6.3 Speech Assessment

The SASSI questionnaire was employed to examine the interaction quality. The analysis provides developers with an assessment of the system along several axes such as easiness, friendliness, speed, etc.

Table 2 Comparing the Disco-LFF and RavenClaw DMs

Results indicate that both “Response Accuracy” (Austria: 4.27, France: 3.99) and “Speed” (Austria: 4.64, France: 4.19) were judged neutral. The analysis of the French sample reveals that “Likeability” (4.9) and “Cognitive Demand” (5.15) were fair. In contrast, the Austrian participants rated these factors as good (Likeability: 5.28, Cognitive Demand: 5.15). Hence, we may argue that participants liked the system and were not overwhelmed by its cognitive demands.

6.4 Disco-LFF and RavenClaw DM Comparison

The second series of experiments was carried out in Spanish only. Note that both DMs were integrated in the same architecture (Fig. 1), i.e. only the task planification and the agent execution differed. Each user carried out the scenarios defined in Sect. 5 with either of the DMs. Table 2 shows the system performance achieved by both systems in terms of TC and ADL, for each of the defined subscenarios. Both metrics show similar behavior for the Disco-LFF and the Ravenclaw DM. A Z-test comparing the average TC proportions and the ADL means showed no statistically significant difference between the two DMs (p-value \(=\) 0.05). A detailed scenario-based analysis showed, however, differences between TC values in the AP and the SR scenarios, which correspond to longer dialogs in terms of the ADL metric.

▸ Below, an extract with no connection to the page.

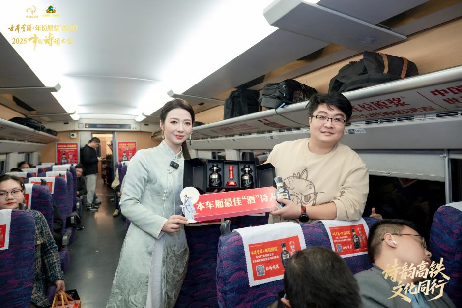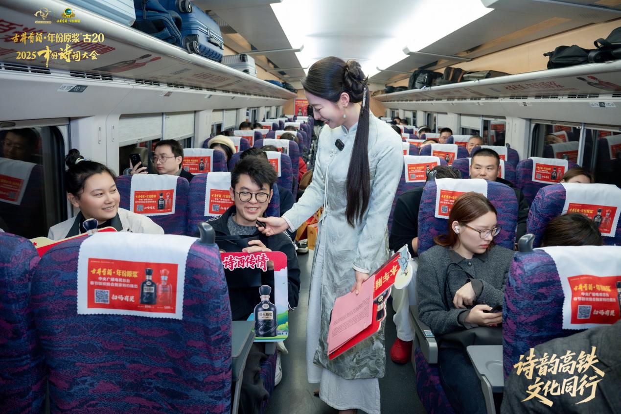 当350km/h的中国高铁邂逅千年诗词,当一杯醇香美酒唤醒心底的情怀,一场流动的雅集温暖启程。在古井贡酒·年份原浆古20《中国诗词大会》即将启幕之际,一场别开生面的“列车上的诗词大会”,让奔赴远方的旅途,化作一场穿越古今的诗意奔赴。作为中国老八大名酒之一,古井贡酒把诗词的雅趣带上列车,让乘客诗意大发!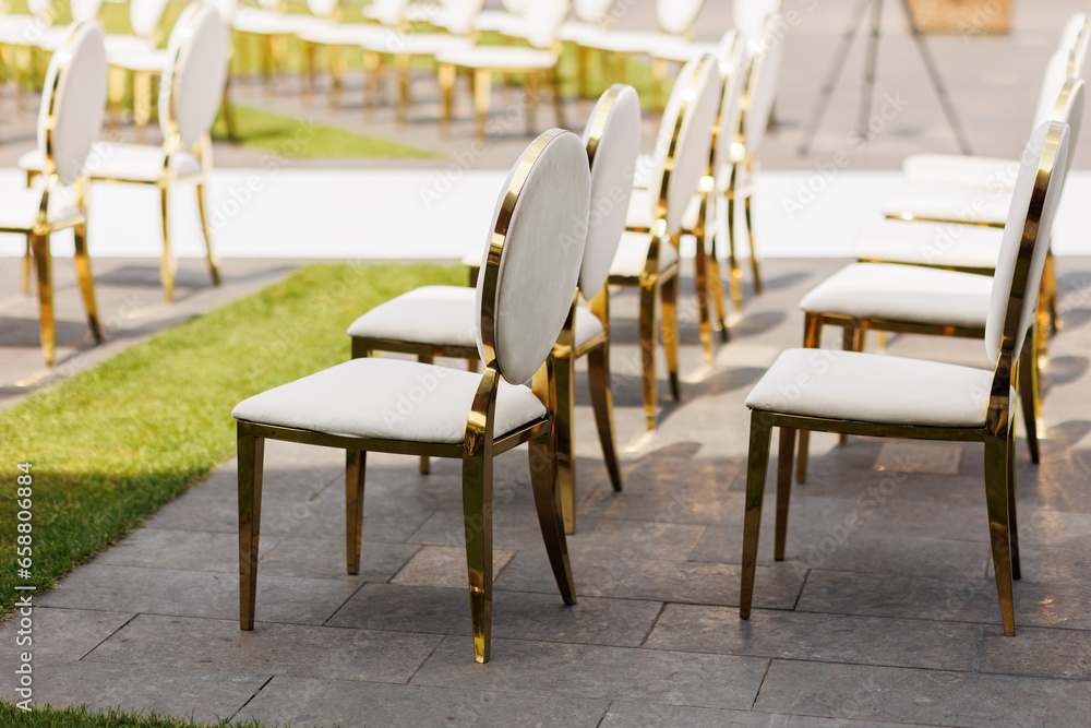 Luxury white-golden chairs on wedding ceremony outdoors. Festive decorations. Empty rows armchairs for guests. Outgoing wedding ceremony in the open air. Decor Studio.

A previous series of experiments has furthermore highlighted a certain lack of robustness exhibited by the language dependent modules of the Spanish vAssist version. This issue was more evident in longer dialogs (AP and SR).

As there was no mobile UI for the Spanish language, the user experience was evaluated trough a set of direct questions regarding the system efficiency, usability and user satisfaction. Task easiness received an average score of 3.00 for the Disco-LFF DM and 3.14 for the RavenClaw DM. The respective satisfaction scores were 3.57 and 3.43 and efficiency scored 3.28 and 3.14.

7 Conclusion

This article had two objectives. First, we reported on the results of the final lab evaluation of the vAssist system, and second we compared the system’s core DM implementation with a publicly deployed one.

Despite minimal differences between languages, the vAssist SDS performances proved to be sufficient for its target users, i.e. older adults living with chronic diseases and persons living with (fine) motor skills impairments.

The DM comparison showed similar performance and subjective experience for the system with the Disco-LFF DM and the one with RavenClaw, promoting the Disco-LFF as a valid alternative to existing DM approaches.